▶ [EXERCISE REQUIREMENTS]: Leaving out every picture, copy the lines of the material below exactly, from the line containing "AA Natürlicher Chromdiopsid" through the line containing "XX县市场监督管理局关于2025年上半年旅游市场秩序专项整治工作的自查评估报告".

▶ [RAW DATA]:
————

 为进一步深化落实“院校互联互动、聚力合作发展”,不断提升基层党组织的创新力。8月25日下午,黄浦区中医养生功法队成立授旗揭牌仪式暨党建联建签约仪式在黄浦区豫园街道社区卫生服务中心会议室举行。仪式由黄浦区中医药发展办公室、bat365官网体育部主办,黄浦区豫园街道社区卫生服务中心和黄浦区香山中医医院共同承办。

————

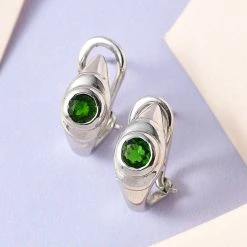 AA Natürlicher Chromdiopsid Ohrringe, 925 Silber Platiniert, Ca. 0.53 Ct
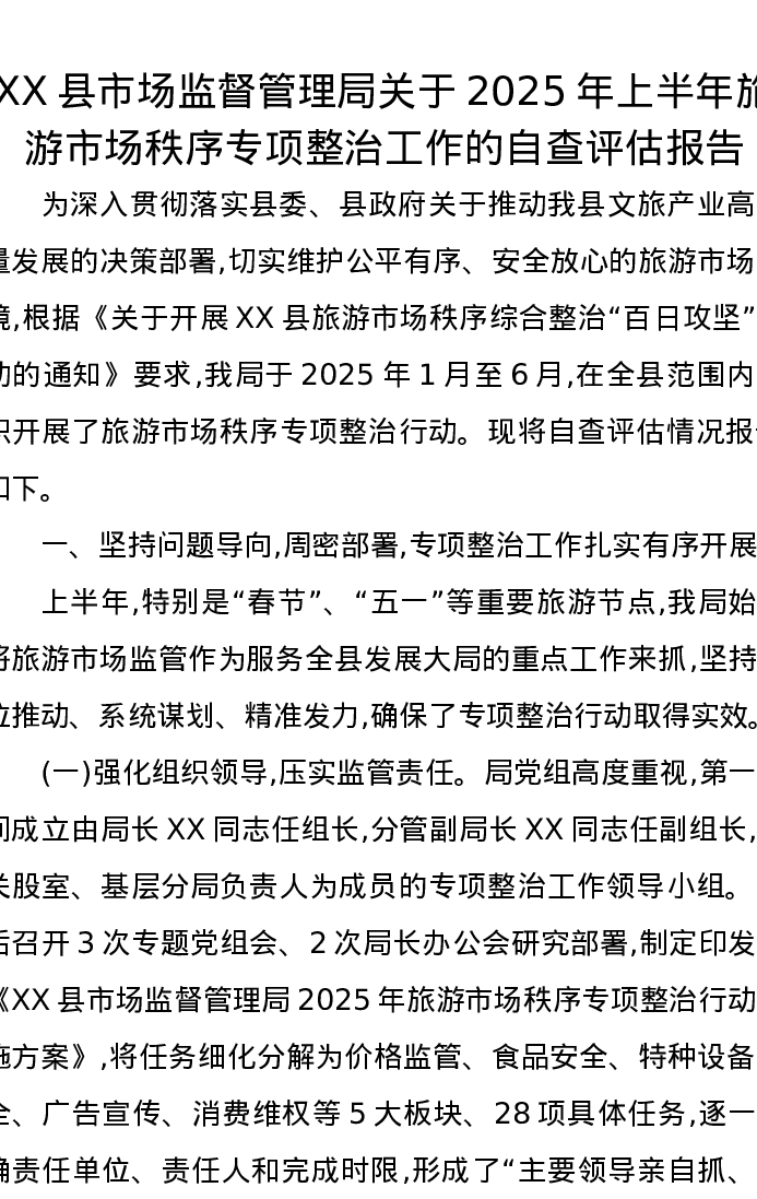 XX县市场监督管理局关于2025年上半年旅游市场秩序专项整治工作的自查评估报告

————

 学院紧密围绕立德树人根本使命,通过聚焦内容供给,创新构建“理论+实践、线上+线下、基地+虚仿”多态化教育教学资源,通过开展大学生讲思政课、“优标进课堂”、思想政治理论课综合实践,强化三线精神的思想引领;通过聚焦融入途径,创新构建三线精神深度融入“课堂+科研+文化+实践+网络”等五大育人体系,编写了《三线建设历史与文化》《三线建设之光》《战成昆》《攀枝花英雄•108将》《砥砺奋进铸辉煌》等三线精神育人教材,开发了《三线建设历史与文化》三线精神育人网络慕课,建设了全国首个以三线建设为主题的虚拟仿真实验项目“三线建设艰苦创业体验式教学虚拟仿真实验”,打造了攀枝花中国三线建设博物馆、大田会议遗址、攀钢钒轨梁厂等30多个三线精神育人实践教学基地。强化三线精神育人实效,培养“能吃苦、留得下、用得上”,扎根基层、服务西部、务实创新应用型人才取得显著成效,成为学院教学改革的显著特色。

————

▶ [REPLY TO THE EXERCISE]:
 AA Natürlicher Chromdiopsid Ohrringe, 925 Silber Platiniert, Ca. 0.53 Ct
 XX县市场监督管理局关于2025年上半年旅游市场秩序专项整治工作的自查评估报告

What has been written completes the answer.